_Required action_
Begin with the line that holds "Rachel Cantin, passionnée" and retype through the last line of the listing below, exactly; pictures are not part of the copy.

_Collected material_
■ ■ ■ ■ ■ ■ ■

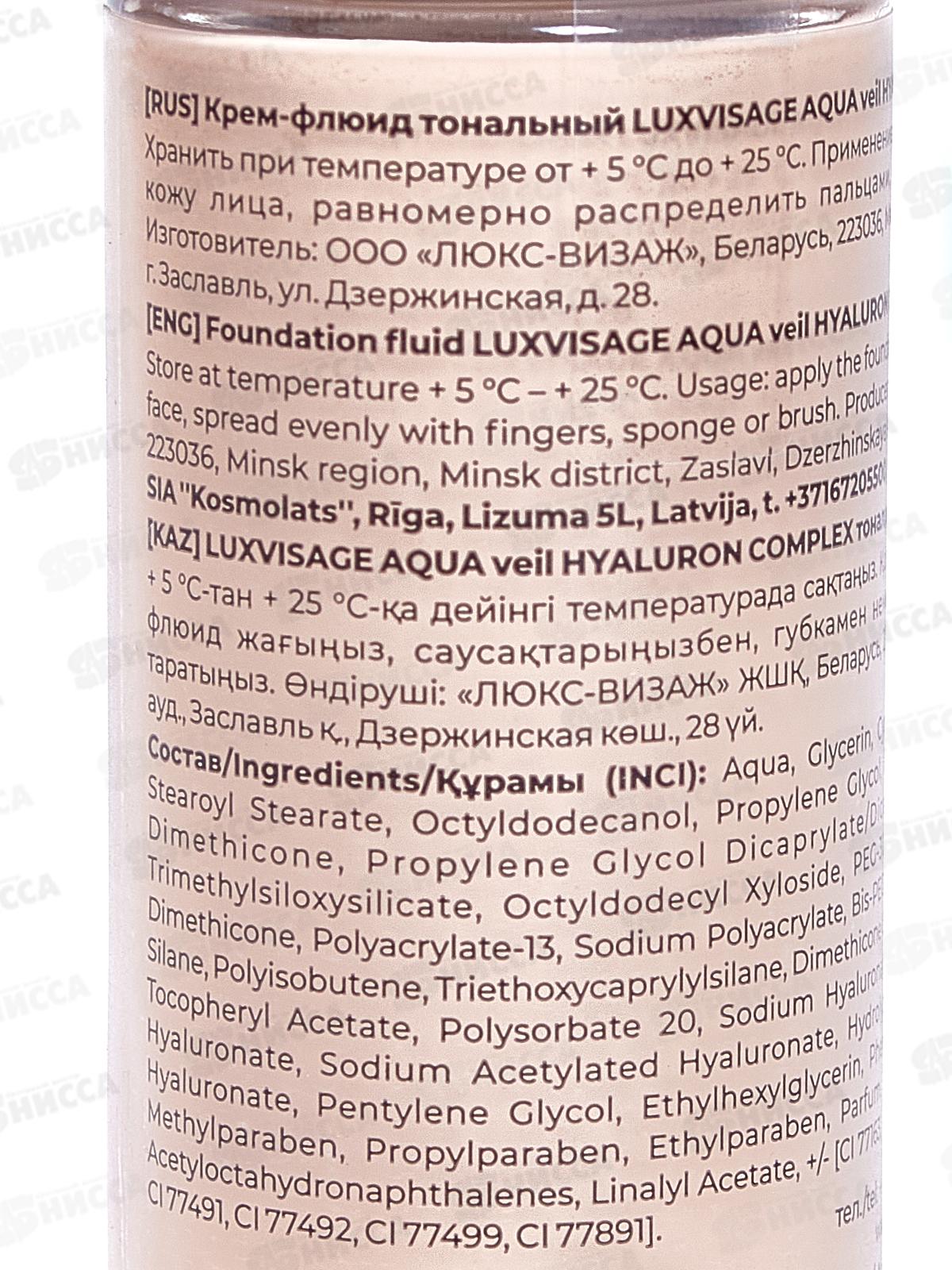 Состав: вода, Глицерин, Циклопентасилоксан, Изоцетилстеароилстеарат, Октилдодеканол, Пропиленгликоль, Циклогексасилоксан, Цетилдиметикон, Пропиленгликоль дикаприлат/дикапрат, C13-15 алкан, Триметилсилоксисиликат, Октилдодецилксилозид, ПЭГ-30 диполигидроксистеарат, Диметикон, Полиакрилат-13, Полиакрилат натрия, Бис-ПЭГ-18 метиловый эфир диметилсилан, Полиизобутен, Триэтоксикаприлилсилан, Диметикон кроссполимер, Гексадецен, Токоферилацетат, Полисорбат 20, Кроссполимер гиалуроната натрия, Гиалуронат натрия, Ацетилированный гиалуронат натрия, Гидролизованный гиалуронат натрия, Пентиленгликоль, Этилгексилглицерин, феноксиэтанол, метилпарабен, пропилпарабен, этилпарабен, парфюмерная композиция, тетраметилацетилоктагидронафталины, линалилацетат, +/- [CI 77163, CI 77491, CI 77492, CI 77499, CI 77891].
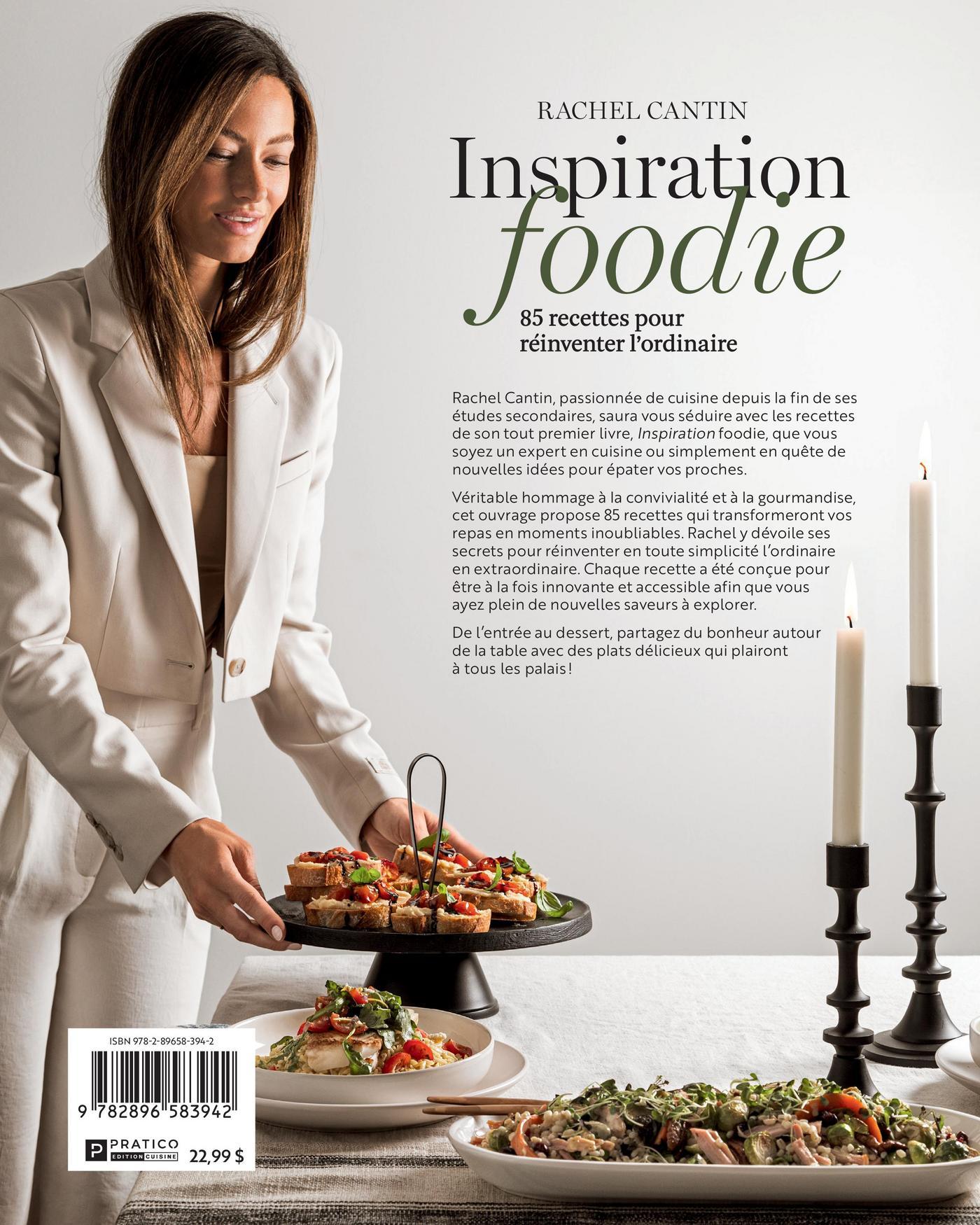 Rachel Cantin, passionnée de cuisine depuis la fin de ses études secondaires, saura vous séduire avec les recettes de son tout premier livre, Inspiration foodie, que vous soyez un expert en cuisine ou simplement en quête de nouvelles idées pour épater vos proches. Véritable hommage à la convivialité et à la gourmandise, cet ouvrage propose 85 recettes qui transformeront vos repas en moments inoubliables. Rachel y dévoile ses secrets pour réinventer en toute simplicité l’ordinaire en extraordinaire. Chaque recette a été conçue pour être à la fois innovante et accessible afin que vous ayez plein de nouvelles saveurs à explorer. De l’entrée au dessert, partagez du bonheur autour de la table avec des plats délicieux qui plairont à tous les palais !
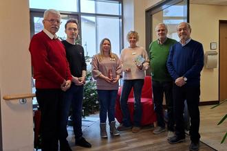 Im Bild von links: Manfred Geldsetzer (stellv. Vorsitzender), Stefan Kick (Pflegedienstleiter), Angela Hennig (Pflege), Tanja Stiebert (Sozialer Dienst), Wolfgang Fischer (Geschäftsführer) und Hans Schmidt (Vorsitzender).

■ ■ ■ ■ ■ ■ ■

_Output of the task_
 Rachel Cantin, passionnée de cuisine depuis la fin de ses études secondaires, saura vous séduire avec les recettes de son tout premier livre, Inspiration foodie, que vous soyez un expert en cuisine ou simplement en quête de nouvelles idées pour épater vos proches. Véritable hommage à la convivialité et à la gourmandise, cet ouvrage propose 85 recettes qui transformeront vos repas en moments inoubliables. Rachel y dévoile ses secrets pour réinventer en toute simplicité l’ordinaire en extraordinaire. Chaque recette a été conçue pour être à la fois innovante et accessible afin que vous ayez plein de nouvelles saveurs à explorer. De l’entrée au dessert, partagez du bonheur autour de la table avec des plats délicieux qui plairont à tous les palais !
 Im Bild von links: Manfred Geldsetzer (stellv. Vorsitzender), Stefan Kick (Pflegedienstleiter), Angela Hennig (Pflege), Tanja Stiebert (Sozialer Dienst), Wolfgang Fischer (Geschäftsführer) und Hans Schmidt (Vorsitzender).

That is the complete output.